Figure 5Global sample characterization and comparison of regulated proteins in S9 human bronchial epithelial cell infection experiments. (a) A principle component analysis (PCA) plot of the total peak area over the assays is shown for all samples from the S9 human bronchial epithelial cell infection experiment. The axis labeling lists variance explained by the corresponding principle components. The ellipses indicate the calculated 95% probability region for a bivariate normal distribution with an average center of groups. Samples were measured in biological quadruplicates. A replicate of the 24 h p.i. sample was excluded due to technical reasons. (b) The Venn diagrams summarize the significantly 1.5-fold down- or up-regulated proteins of all samples (normalized to the non-adherent control sample).
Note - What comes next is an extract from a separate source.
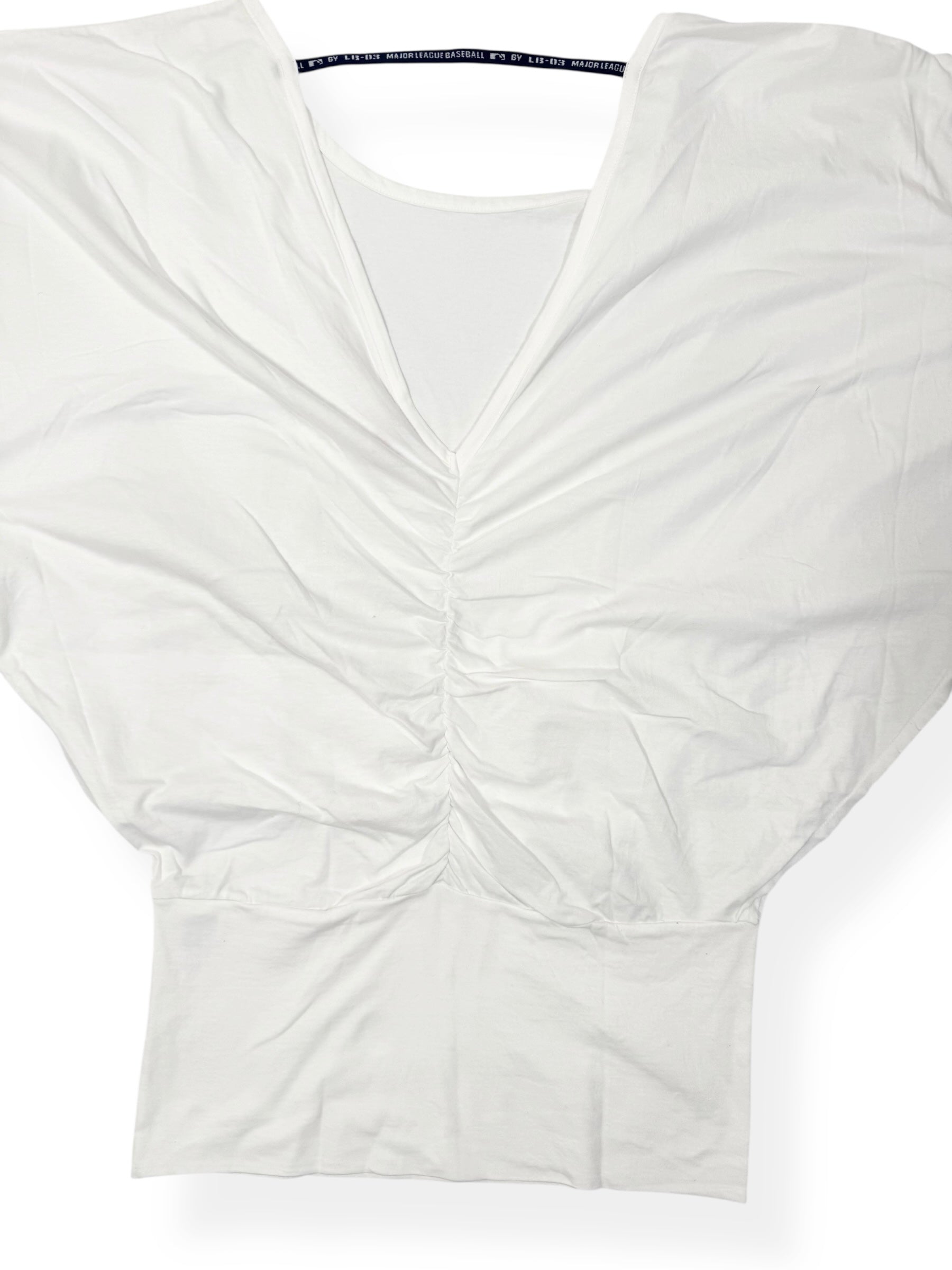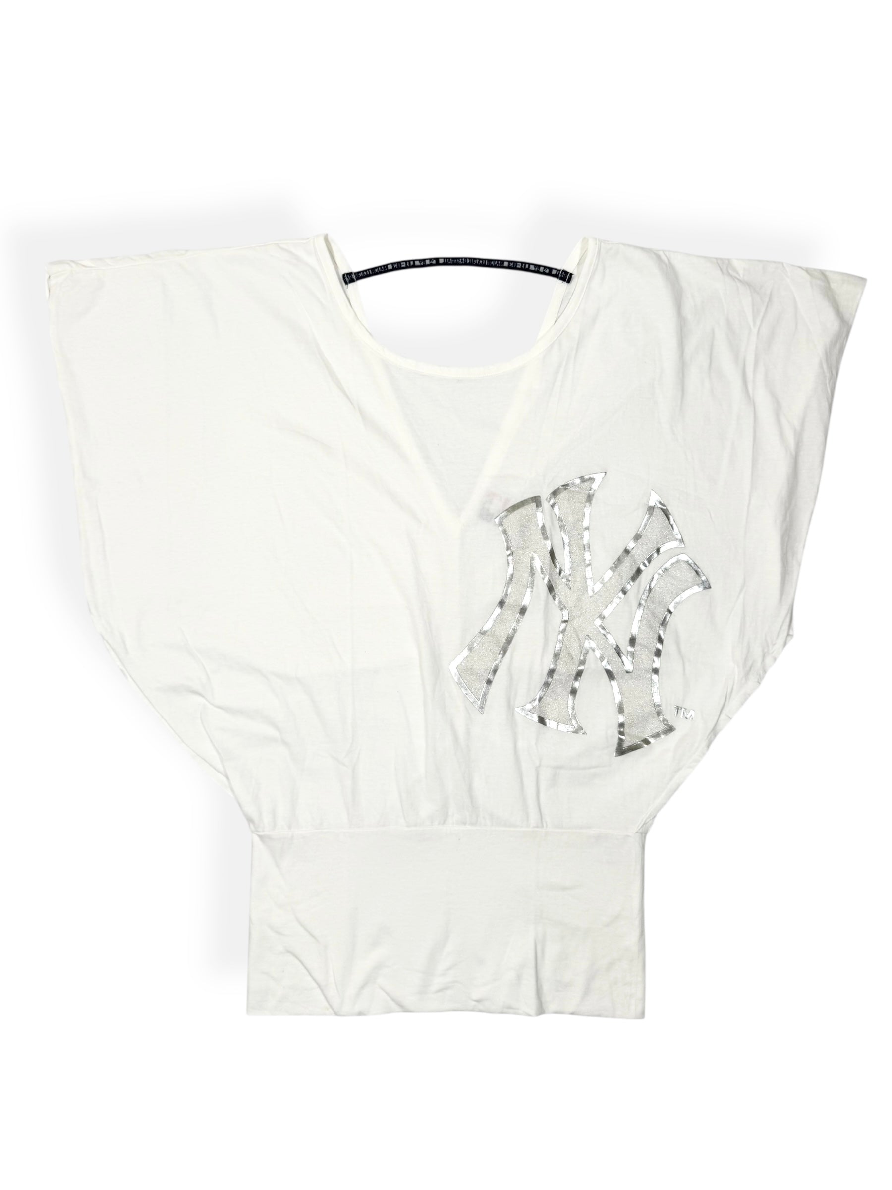 Insane 00s LB-03 white baggy bat wing top🤍Yankees glittery logo🤍Ruched back🤍

Figure 6Protein level changes over the time course of the S9 human bronchial epithelial cell infection experiment displayed in Voronoi-like treemaps. Analysis of changes of abundances of S. aureus proteins during the time course of infection. Voronoi-like treemaps are used to illustrate the complex patterns of change. The log2-ratios of the protein level between sampling time points (exponentially growing S. aureus in pMEM [OD = 0.4], 8 h p.i., 24 h p.i., and 32 h p.i.) and the non-adherent control are depicted. Orange indicates increased amount, and blue represents proteins found in diminished amounts compared to the control. The boxplots at the figure bottom depict the log2-ratios of selected functional category groups highlighted (white polygons) in the treemap.
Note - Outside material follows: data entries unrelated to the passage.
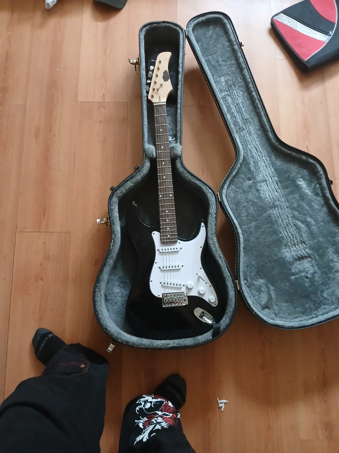 This is a black electric guitar in a hard case. It has a white pickguard and three pickups. The neck is light wood the case is included.
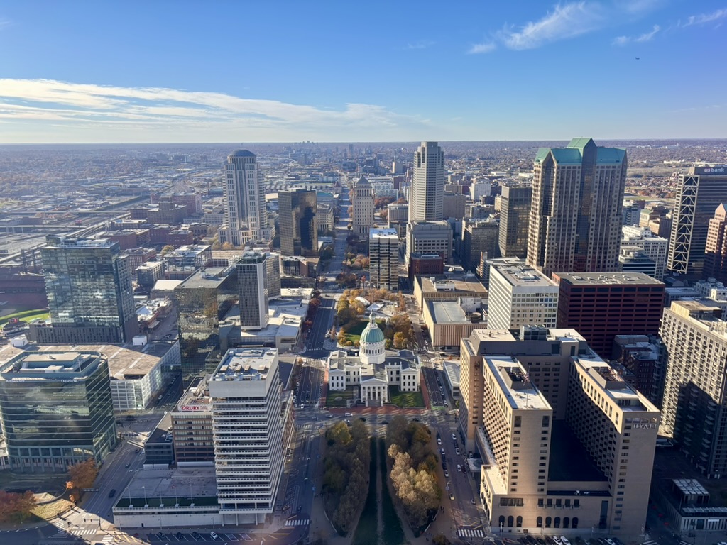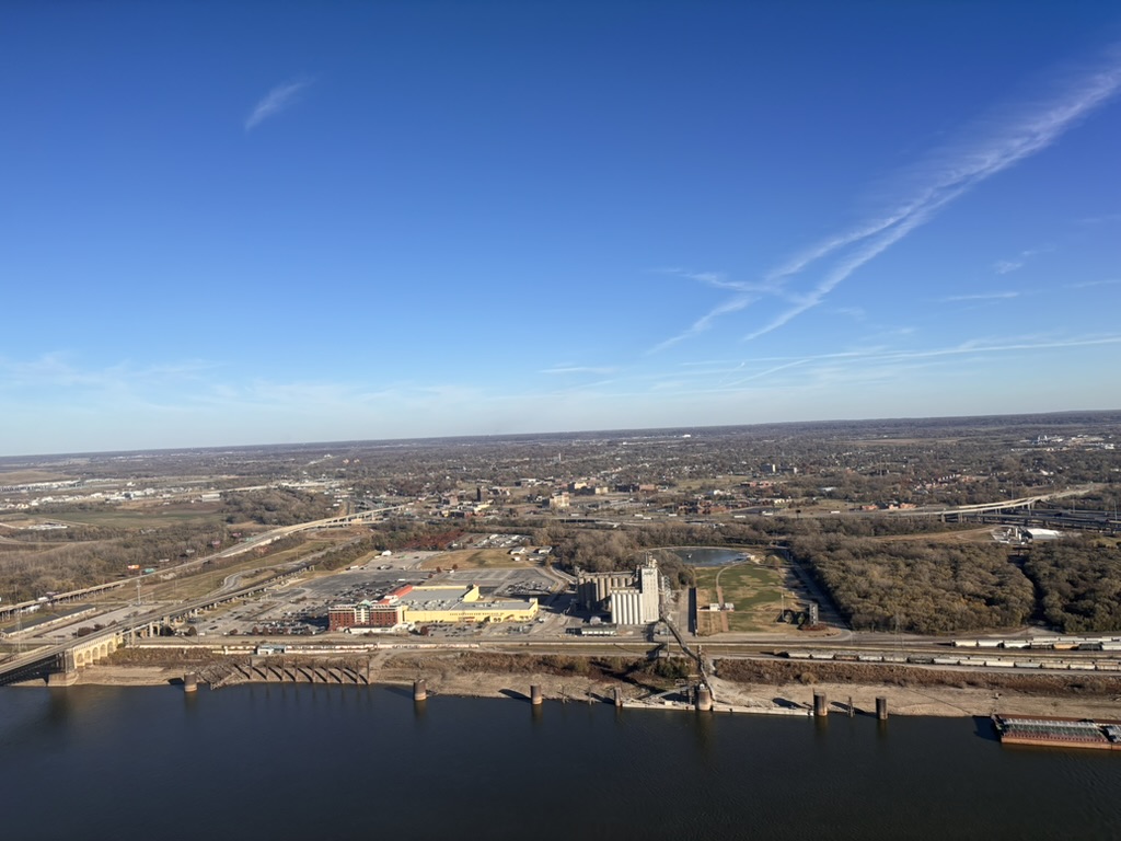 On clear days, visitors can ride the tram to the top of the Arch, where sweeping views of the city and the Mississippi unfold beneath the sky. Across the river lies East St. Louis, and from above, the sharp contrast between the two sides becomes even more evident.
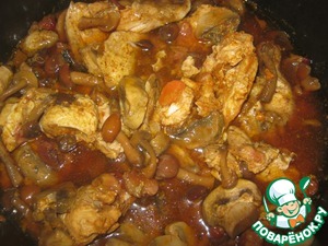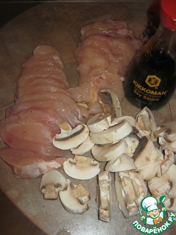 Шампиньоны нарезать, грудку тоже нарезать на крупные кусочки
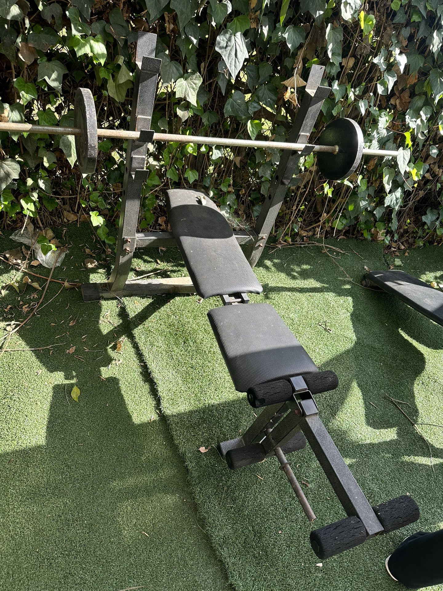 Have 2 benches for sale take both for $80 plus 2) 25lb and bar

Figure 7Comparison of identification rate and reproducibility of quantitative values between the work of Surmann and co-workers[60] and this work. (a) The relative number of detected proteins of functional categories and transcription factor regulon members are depicted in the stacked barplots. (b) The coefficient of variation (CV) of peptide or protein intensity data is scattered. The peptide intensity was calculated as a sum over MS1 precursor ion area extracted with Skyline v2.5 by using Comet[8] and ReSpect[61] search results as an input (DDA; Surmann et al.[10]) or the sum over total peak area of MS2 elution groups (DIA; this work). The protein Hi3 intensity was calculated as a mean over the three most abundant peptides. The two-dimensional kernel density is plotted by colored line shapes. A more reddish color depicts a high point density and a more bluish color displays a low point density. The vertical or horizontal black lines indicate the median of the y-axis or x-axis data. The diagonal of equal CV values in both approaches is shown as a dark red line.
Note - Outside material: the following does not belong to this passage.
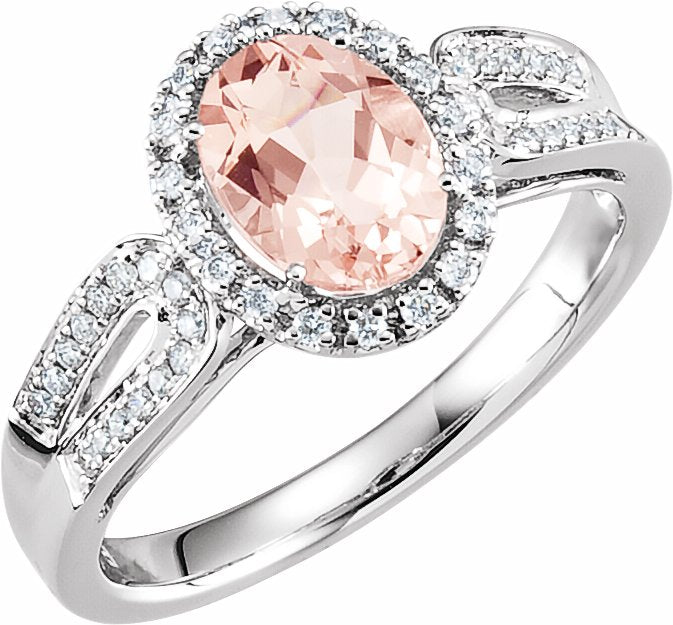 651508 / 14K White / Genuine Morganite And 1/5Ctw Diamond Ring
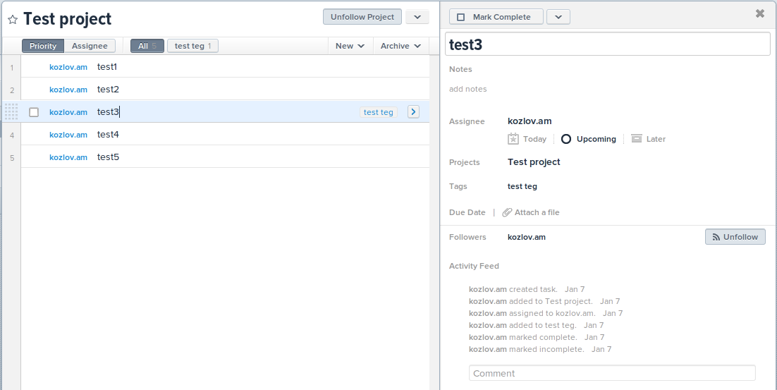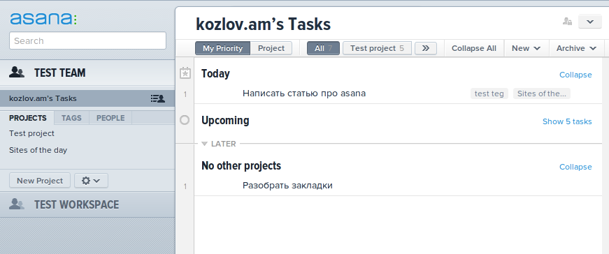 Тестовый проект и тестовая задача на сайте Asana

Figure 8Three distinct groups of protein abundance changes during the course of infection. The ratios from the comparison to the non-adherent control sample and the comparison to the 8 h post-infection sample are colored-coded according to their log2-values. The line chart shows the time-dependent course of log2-ratio to non-adherent control. The lines are colored corresponding to the highest change in the post-infection phase (up = orange-colored/down = blue-colored).